En el boxeo, las matemáticas no funcionan. Un estallido en la mandíbula, un gancho aplasta costillas, una súbita descarga, destrozan el teorema de Pitágoras y los cálculos previos saltan hechos añicos.

Niida es un vencedor de Chana Porpain en 2001, seis años después de la coronación de Rosendo, precisamente contra Porpain, cuando el tailandés se encontraba invicto en 35 combates y se veía tan firme como una montaña.

Existe una diferencia de habilidades y de poder entre “Chocolatito” y Varela, que no se admite la menor comparación y la gente de Niida lo sabe muy bien. La flexibilidad y capacidad de destrucción del nicaragüense aún en una categoría tan pequeña como la de 105 libras, lo convierten en un adversario complicadísimo.

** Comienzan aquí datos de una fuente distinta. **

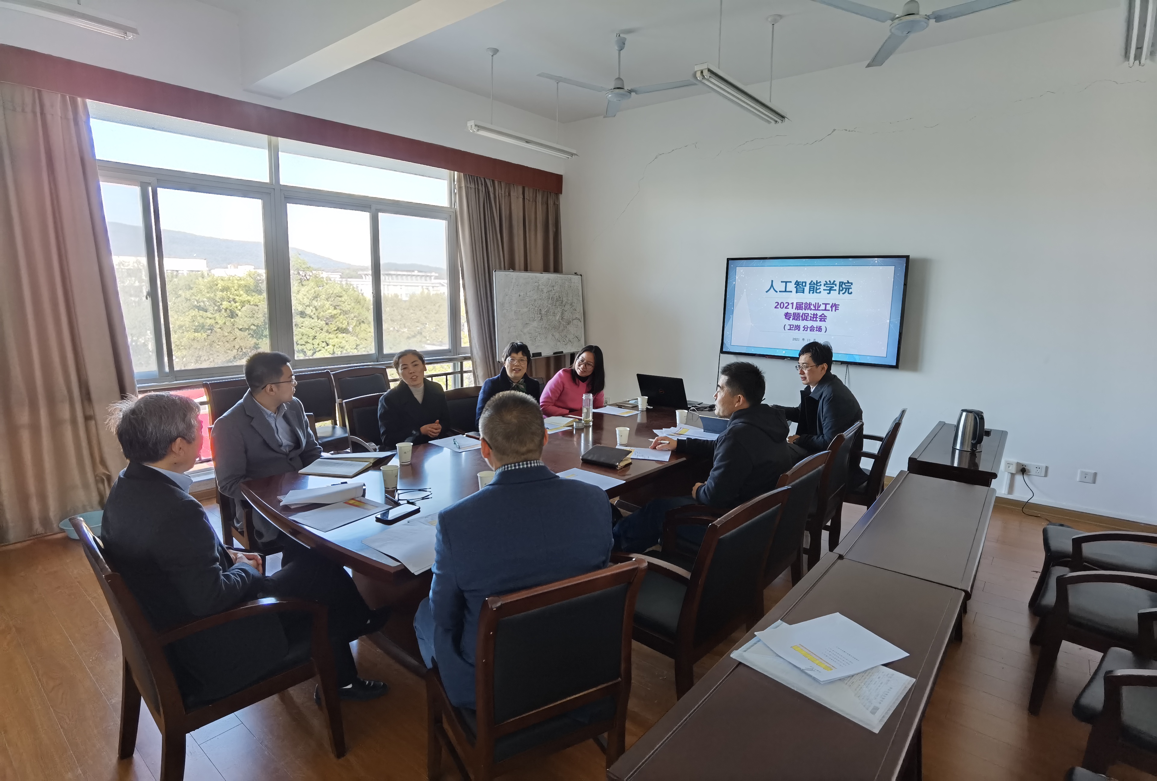 院长徐焕良、党委副书记卢伟、辅导员湛斌、2021届计算机科学与技术、网络工程专业班主任老师在卫岗校区参加会议,此外特邀学工处就业办主任吕一雷、田雨老师莅临指导工作,会议由卢伟主持。党委书记沈明霞、学院学工办主任兼团委书记章棋、2021届电子信息科学与技术、自动化专业班主任老师在浦口校区参加会议,会议由章棋主持。
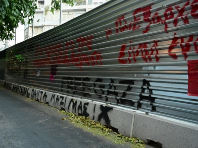 Σύμφωνα με το Orange Press Agency, είχε προηγηθεί προσφυγή κατοίκων των Εξαρχείων στις δικαστικές Αρχές, οι οποίοι διαμαρτύρονταν για την έκταση του εργοταξίου και τον χώρο που καταλαμβάνουν οι λαμαρίνες, λέγοντας ότι δεν προβλέπεται, όπως ο νόμος ρητά αναφέρει, το αναγκαίο διάστημα -επί της Θεμιστοκλέους- ώστε να μπορούν να περνούν οχήματα έκτακτης ανάγκης, όπως τα ασθενοφόρα.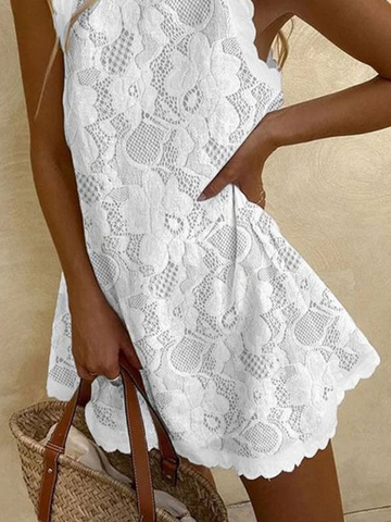 Plain Lace Jacquard Sleeveless Casual Tunic Dress

“Me faltaron unos rounds en el gimnasio”, le dice Román al compañero Francisco Jarquín. Eso nunca ocurrió con Alexis Argüello, quien siempre recorría kilómetros extras y peleaba mayor cantidad de asaltos que los propuestos para cada sesión de adiestramiento. Casi, casi, era el flaco quien levantaba al “Curro”.

Esa disciplina admirable tiene que ser el mandamiento número uno de González a partir de hoy, no de mañana. “Siempre hay que pensar que no se dispone de mucho tiempo para afilarse”, decía a todos sus boxeadores Angelo Dundee. Y agregaba, “ganar el round cero es clave”.

Esa debe ser la manera de pensar y proceder de “Chocolatito” con Niida, esperándolo en la vuelta de la esquina.